Opinion
10-06-2016
Martin J. McGuinness, Saratoga Springs, for appellant. Chad W. Brown, Acting District Attorney, Johnstown (Christopher M. Stanyon of counsel), for respondent.
Martin J. McGuinness, Saratoga Springs, for appellant.
Chad W. Brown, Acting District Attorney, Johnstown (Christopher M. Stanyon of counsel), for respondent.
Before: PETERS, P.J., McCARTHY, GARRY, CLARK and AARONS, JJ.
McCARTHY, J.
Appeal from a judgment of the County Court of Fulton County (Giardino, J.), rendered September 8, 2014, convicting defendant upon his pleas of guilty of the crimes of criminal sale of a controlled substance in the third degree (two counts) and criminal possession of a controlled substance in the third degree (two counts).

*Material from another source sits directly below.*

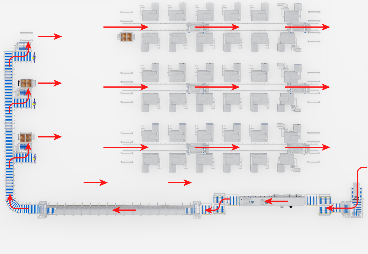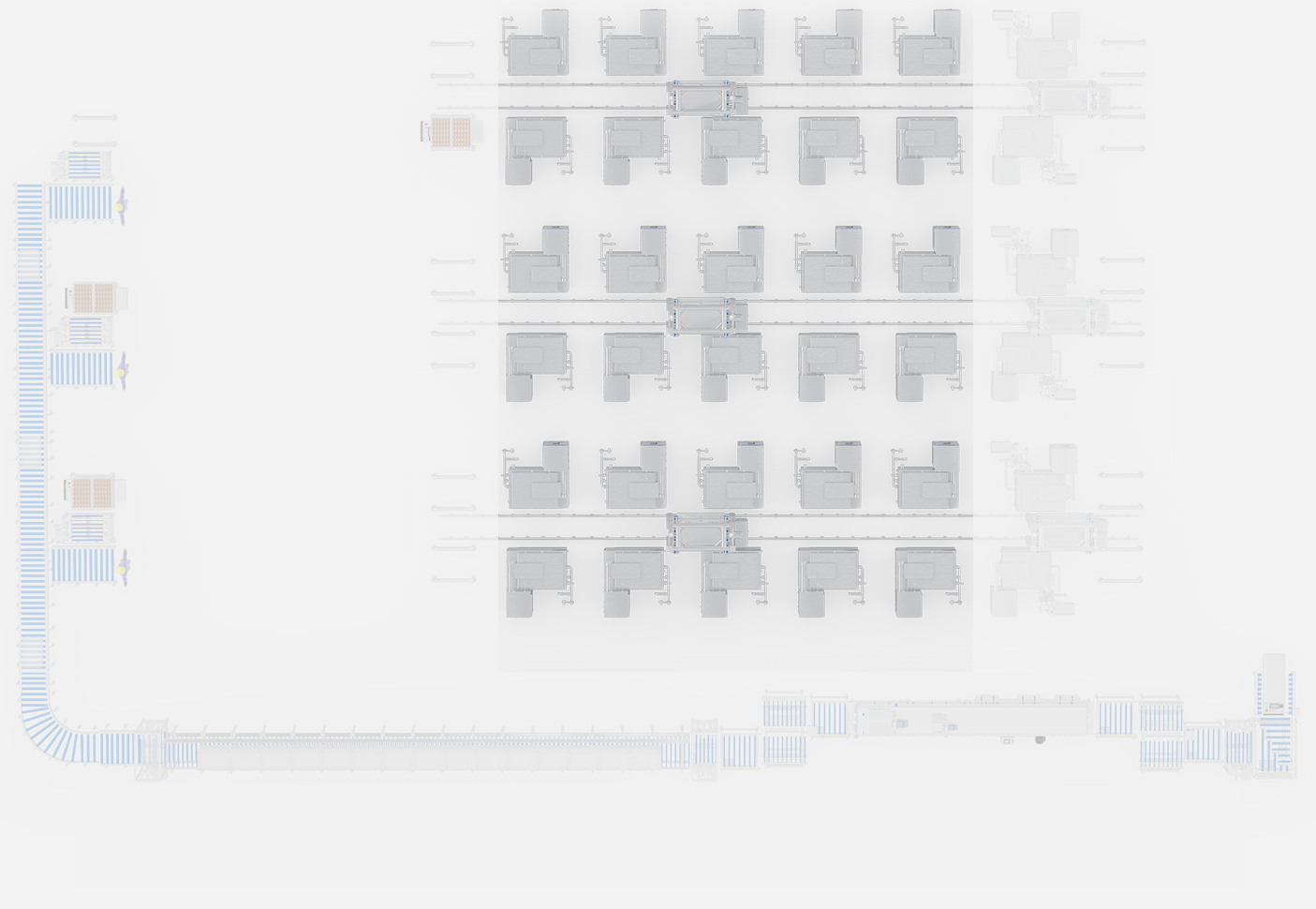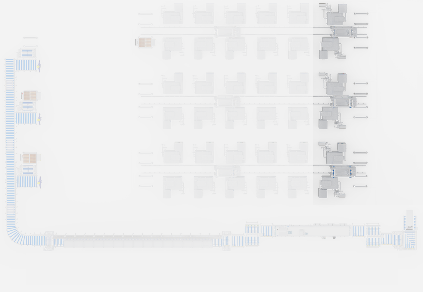 Für die Stapelproduktion von gewürztem Hühnerfleisch. Integriert Transport, Kochen, Kühlen und Reinigung von Containern in ein vollautomatisches System.

Defendant was charged in an indictment with two counts of criminal sale of a controlled substance in the third degree and two counts of criminal possession of a controlled substance in the third degree. He initially pleaded guilty to one count of criminal sale of a controlled substance in full satisfaction of the indictment, with the understanding that he would be sentenced, as a second felony offender, to four years in prison, to be followed three years of postrelease supervision. The plea agreement also included the waiver of the right to appeal. At the outset of the sentencing hearing, there was discussion regarding defendant's eligibility for a shock incarceration program. Ultimately, defendant agreed to enter an additional plea of guilty to the remaining three counts of the indictment as well. This agreement was made with the understanding that, as a result of both pleas, he would be sentenced, as a second felony offender, to four concurrent 4 ½–year prison terms, to be followed by three years of postrelease supervision, together with an order directing his enrollment in a shock incarceration program. This additional agreement also included the waiver of the right to appeal. County Court thereafter imposed the agreed-upon sentence, and defendant now appeals.
We affirm. Contrary to defendant's contention, his waivers of the right to appeal were valid. Based upon our review of the plea colloquies, County Court adequately distinguished the right to appeal from the rights automatically forfeited by a guilty plea, particularly in light of defendant's lengthy criminal history and his acknowledgment that he had previously executed an appeal waiver in regard to a previous guilty plea. Further, the court ensured that defendant understood the ramifications of the waivers and defendant executed a counseled written waiver in open court (see People v. Sanders, 25 N.Y.3d 337, 341–342, 12 N.Y.S.3d 593, 34 N.E.3d 344 [2015] ; People v. Lopez, 6 N.Y.3d 248, 256, 811 N.Y.S.2d 623, 844 N.E.2d 1145 [2006] ; People v. Butler, 134 A.D.3d 1349, 1349–1350, 22 N.Y.S.3d 617 [2015], lvs. denied 27 N.Y.3d 962, 963, 36 N.Y.S.3d 624, 56 N.E.3d 904 [2016] ). Accordingly, defendant knowingly, intelligently and voluntarily waived the right to appeal his conviction and sentence. In light of his valid waivers of the right to appeal, his contention that the sentence imposed was harsh and excessive is precluded (see People v. Clark, 135 A.D.3d 1239, 1240, 23 N.Y.S.3d 481 [2016], lv. denied 27 N.Y.3d 995, 38 N.Y.S.3d 105, 59 N.E.3d 1217 [2016] ; People v. Donah, 127 A.D.3d 1413, 1413, 5 N.Y.S.3d 736 [2015] ).
ORDERED that the judgment is affirmed.
PETERS, P.J., GARRY, CLARK and AARONS, JJ., concur.